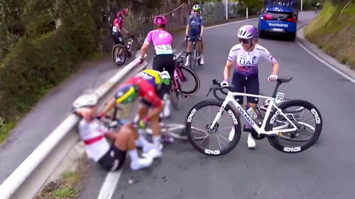 이탈리아 밀라노-산레모 여자 사이클 경기에서 발생한 사고입니다.
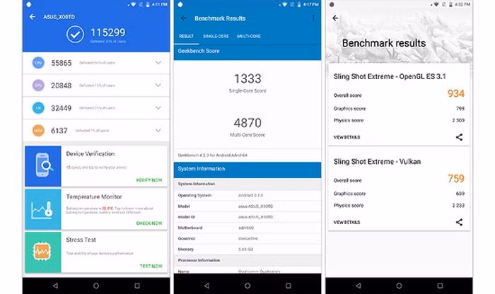 Để có được đánh giá chính xác hơn về hiệu năng của bộ vi xử lý, trước tiên chạy kiểm tra các bài benchmark thông thường trên thiết bị, bao gồm AnTuTu, Geekbench 4 và 3DMark.
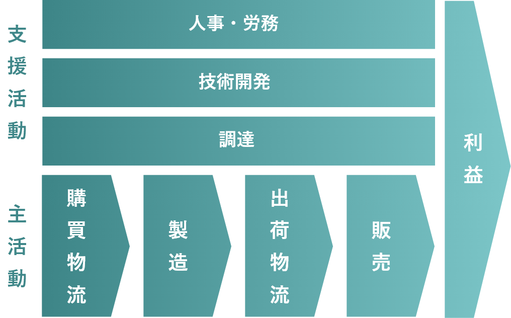 バリューチェーンとは、一般的には企業の活動が最終的にどんな価値を生み出し、どのように貢献しているのかといった関係を示すフレームワークです。
· · · ·
* **What the task asks**:
Would you please set down the listing above exactly, minus its images?

* **Exercise solution**:
 이탈리아 밀라노-산레모 여자 사이클 경기에서 발생한 사고입니다.
 Để có được đánh giá chính xác hơn về hiệu năng của bộ vi xử lý, trước tiên chạy kiểm tra các bài benchmark thông thường trên thiết bị, bao gồm AnTuTu, Geekbench 4 và 3DMark.
 バリューチェーンとは、一般的には企業の活動が最終的にどんな価値を生み出し、どのように貢献しているのかといった関係を示すフレームワークです。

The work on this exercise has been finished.